The Charlotte Hornets played four months of basketball that showed hope for the future of the organization, pieces to build around, and the signs of progression towards becoming a contender.
In the last month, much of that optimism has vanished, as the Hornets’ season finished with a whimper. Charlotte lost 10 of its final 13 contests, including six straight, culminating with Tuesday’s 144-117 loss to the Pacers in the first game of the NBA Play-In Round.
To be fair, this team had its fair share of injury attrition throughout the season, with LaMelo Ball, Miles Bridges & Devonte’ Graham all missing key stretches. Charlotte also had to endure the loss of high-priced forward Gordon Hayward, who didn’t play in the final 25 games of the season. The Hornets slumped to an 8-17 mark without him in the lineup.
LaMelo Ball will probably win the Rookie of the Year for his play he showcased before the injury. He was averaging 20 points-per-game, putting up numbers we’ve never seen from a teenager in the NBA & providing nightly highlights that put the Hornets on center stage in the NBA. His injury in late March became the landmark for when things began to unravel for the Hornets.
Ball returned to the lineup from a broken wrist on May 1st, and while his points-per-game upon return fell just five points from his peak of the season, his shooting stroke never regained his pre-injury prowess. Ball made just 13 three-pointers in 11 games since he came back into the lineup, with his shooting percentage dipping to a decimating 25% from beyond the arc.
While different players being out in key situations certainly affected the rhythm, you can’t fault James Borrego for constantly innovating to find the right mix. Against his better wishes, he inserted Miles Bridges into the starting lineup after Hayward’s injury while fearing the loss of his energy off the bench. He used a small-ball lineup at times to try and compensate for the gaping hole at center that has plagued the team since took the helm three seasons ago.
Despite the tinkering, the problems mushroomed. The team’s three-point shooting as a whole started to stagger. Terry Rozier went into a shooting slump that only recovered on nights where he had no help. The team also struggled defending the three all season, choosing to protect the lane instead in a “Sophie’s Choice” made by Borrego because of the team’s limitations on that end of the floor.

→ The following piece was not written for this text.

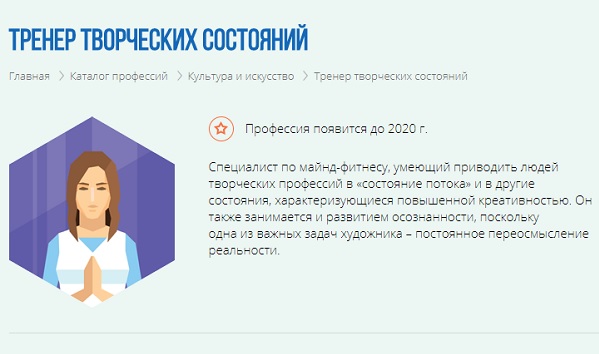 Тренер творческих состояний - профессия раздела «Культура и искусства» из «Атласа новых профессий». Описание ее довольно размытое, однако в списке перспективных направлений сказано, что «специалист по майнд-фитнесу» появится до 2020 года. Такой тренер будет обладать знаниями и навыками того, как сознательно провоцировать в себе «состояние потока».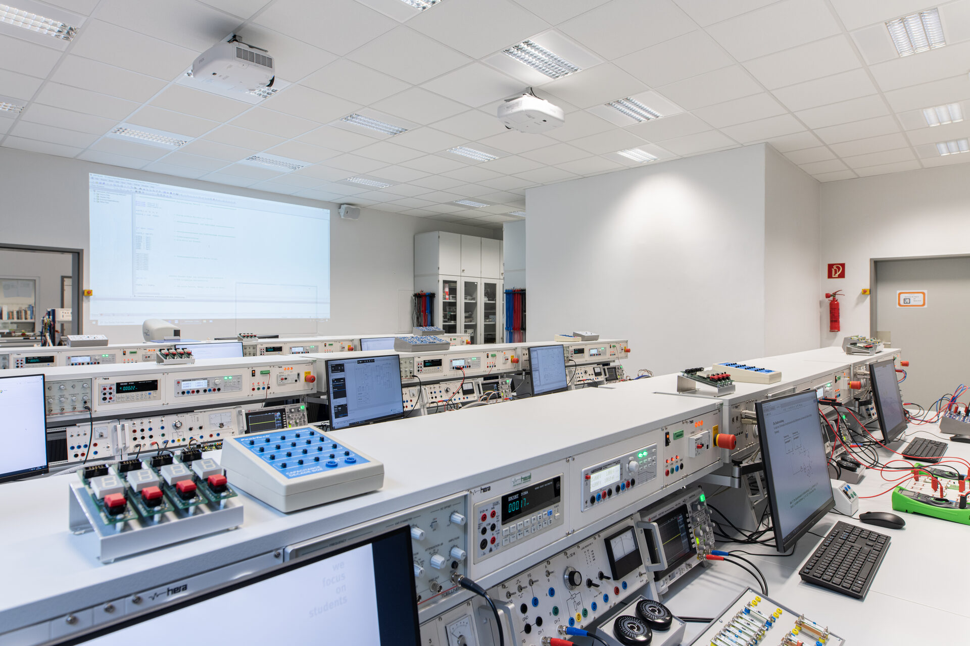 Each laboratory workstation is fully equipped with various laboratory devices such as oscilloscopes, function generators, power supply units and multimeters.

And lastly, the clutch performances that defined them through the first 2/3 of the season waned to disappointment, in a cruel market correction that came at the most inopportune time.

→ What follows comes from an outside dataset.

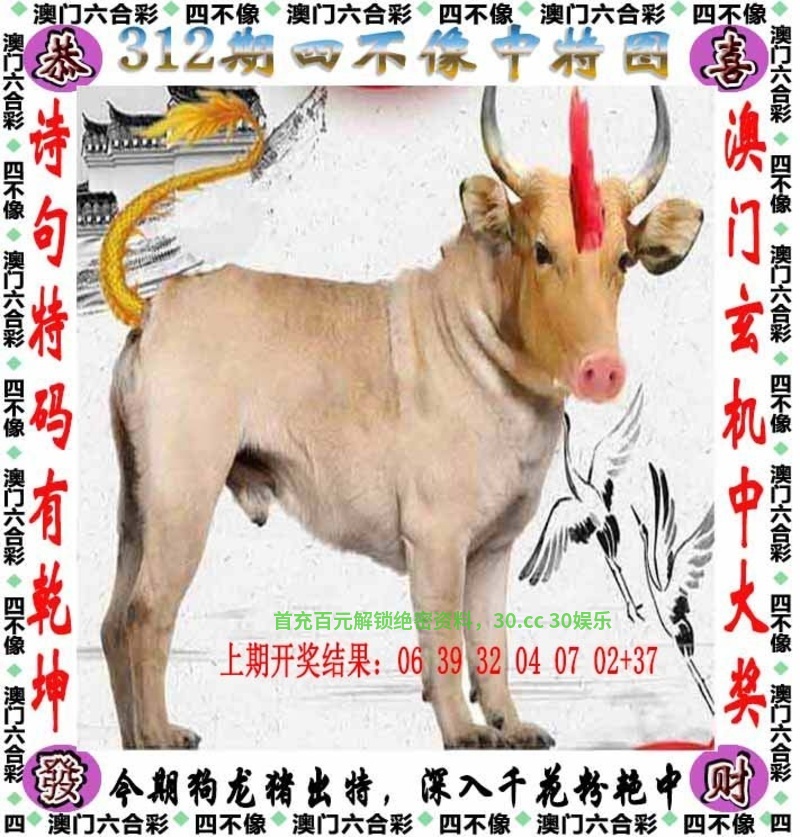 | 300期 | 鸡牛龙狗 | 开:虎40 |

It’s hard to see the forest for the trees at a time like this.
Borrego preached endlessly down the stretch that this experience was invaluable for this team, it’s also a sharp reminder of how much is left in this process. While the criticisms of the man in charge have started, I do not believe all of them are warranted. Asking this outfit devoid of experience to go through the land mines they trekked through was a hard ask for anyone.
This upcoming offseason is a vital period of time for the rebuild of this franchise. This team obviously needs an overhaul in the frontcourt, but also needs to answer which parts are worth building around LaMelo Ball and which are expendable. General Manager Mitch Kupchak said repeatedly this season that they felt they were ahead of schedule, but this fanbase won’t accept another season of stagnation.
The Hornets probably weren’t as good as the team that reached as high as fourth in East, and probably not as bad as the team that stumbled to 10th place and a play-in blowout ouster.
Next season, they need the results to prove it.